The other factor DHS mentions is Medicaid intensity, which is defined as utilization of services and if those services delivered are expensive. This is averaged out per member per month, taking into account the different services (physician services, in-patient hospital, etc). DHS states that excluding policy changes, intensity for managed care is 2 to 3 percent per year. DHS estimated managed care intensity to be a $137 million GPR increase over the base year doubled. DHS also projects the intensity element in fee for service to be $172.3 million over the base year doubled, driven by fee for service inpatient hospital costs and drug intensity increases.

 

Lead Exposure and Lead Poisoning Prevention

DHS requests $11 million GPR to fund residential lead paint abatement and other activities to prevent childhood lead poisoning. Using these dollars, DHS plans to leverage $4.7 million GPR as a state match for roughly $27 million in federal dollars to target abatement activities for CHIP eligible properties. The initiative also includes $2 million GPR for lead abatement activities at non-CHIP eligible properties. $2.8 million GPR (and $4.1 million in federal dollars) would be used for pay for performance incentive funds to improve blood lead level testing and reporting by the Medicaid managed care organizations. $1.1 million GPR would be used for a peer-based outreach program for physicians to increase the blood lead level testing.

 

PSAP Dispatcher Training

Under 2017 Act 296, DHS was directed to include funding for the training of 911 dispatchers in over the phone CPR instruction. Act 296 included onetime funding of $250,000 GPR for the training. In the budget request, DHS includes an additional $233,400 GPR over the biennium for training and recertification.

 

Conditional and Supervised Release Re-Estimate

 DHS requests $4.6 million GPR for additional funds to support the costs associated with conditional and supervised release. This also includes outpatient competency examinations and treatment to competency programs. The department states that this request is based on a re-estimate of caseload and services in the Supervised Release, Conditional Released, and Treatment to Competency Programs.

 

Income Maintenance Agencies

 DHS requests $1.8 million GPR in the biennium and 5 full time positions to support new costs associated with new enrollment and eligibility policies for Income Maintenance agencies. DHS cites new policies from the governor and legislature attributed to these changes. Included in the list are the work requirement for childless adults, drug screenings for individuals referred to the FoodShare Employment & Training (FSET) program, health and drug screenings for childless adults in Medicaid, child support compliance requirement for Medicaid eligibility, and a health savings account program in Medicaid.

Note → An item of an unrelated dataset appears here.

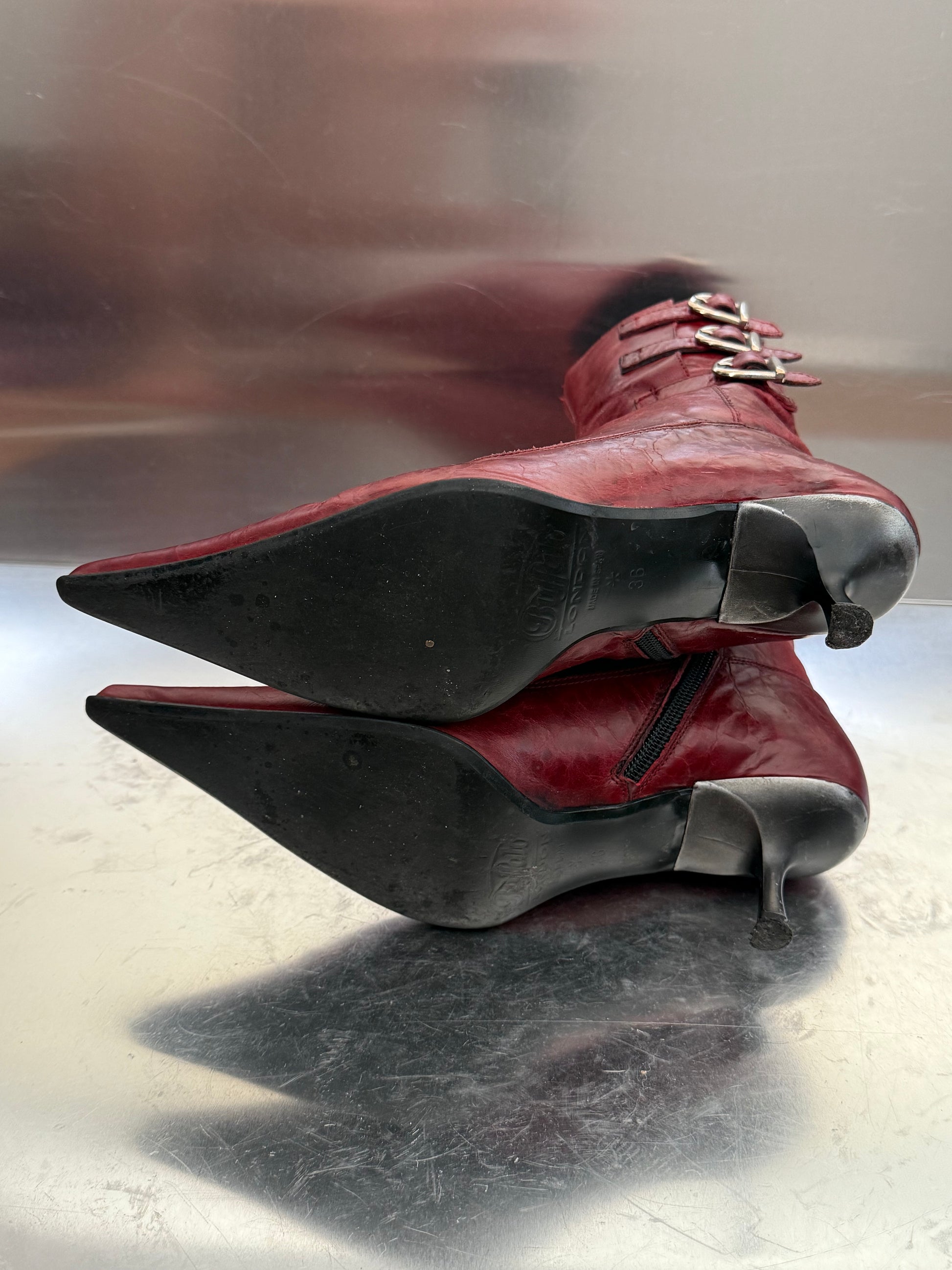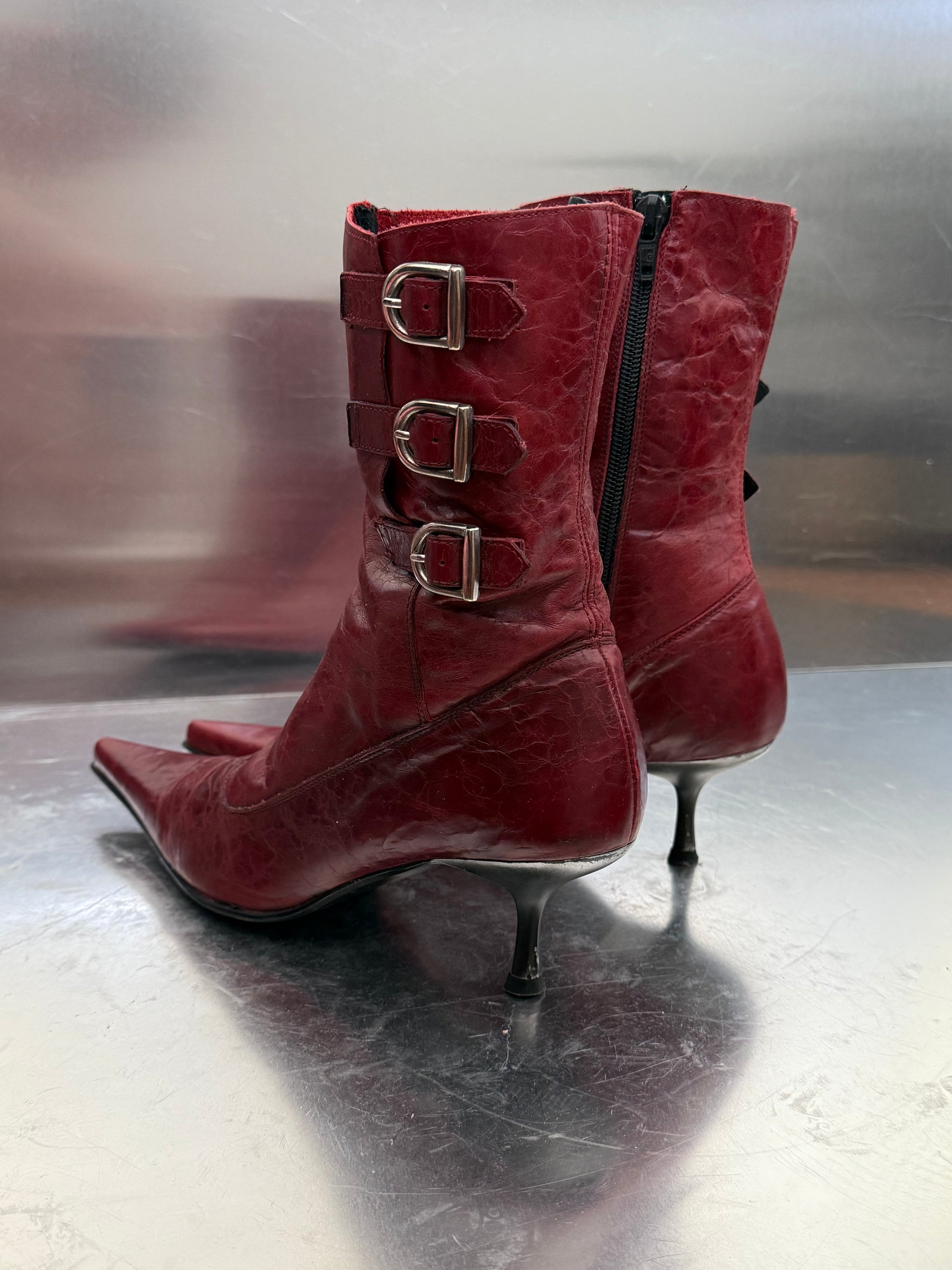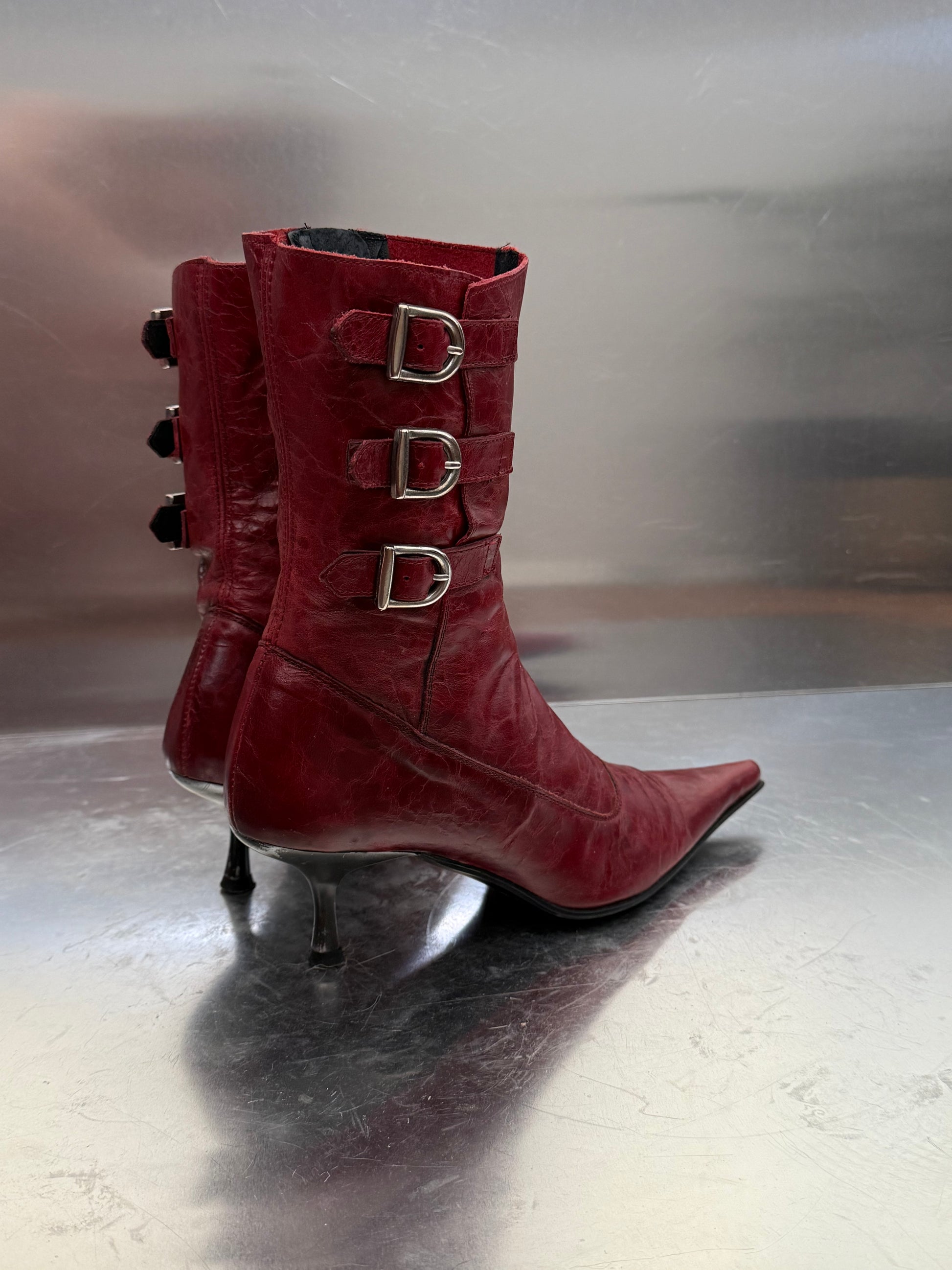 Eye-catching vintage red leather boots by Buffalo with pointed toes, stiletto heels, and triple buckle detail on the side. Soft genuine leather. Visible scuffs on the heels and light creasing on the toes — please zoom in to view the condition. Still in good overall shape and full of character.

DHS additionally requests an increase of $64 million GPR and 6.5 full time positions to fund and support FSET. DHS notes that the FSET program is one way for able-bodied adults (who meet specified requirements) to satisfy the work requirements in order to maintain eligibility for FoodShare benefits. DHS also explains in their request that they plan to use the FSET program as a way for childless adults to meet work requirements to maintain Medicaid eligibility. That policy change is pending with the federal government under the state’s submitted 1115 demonstration waiver.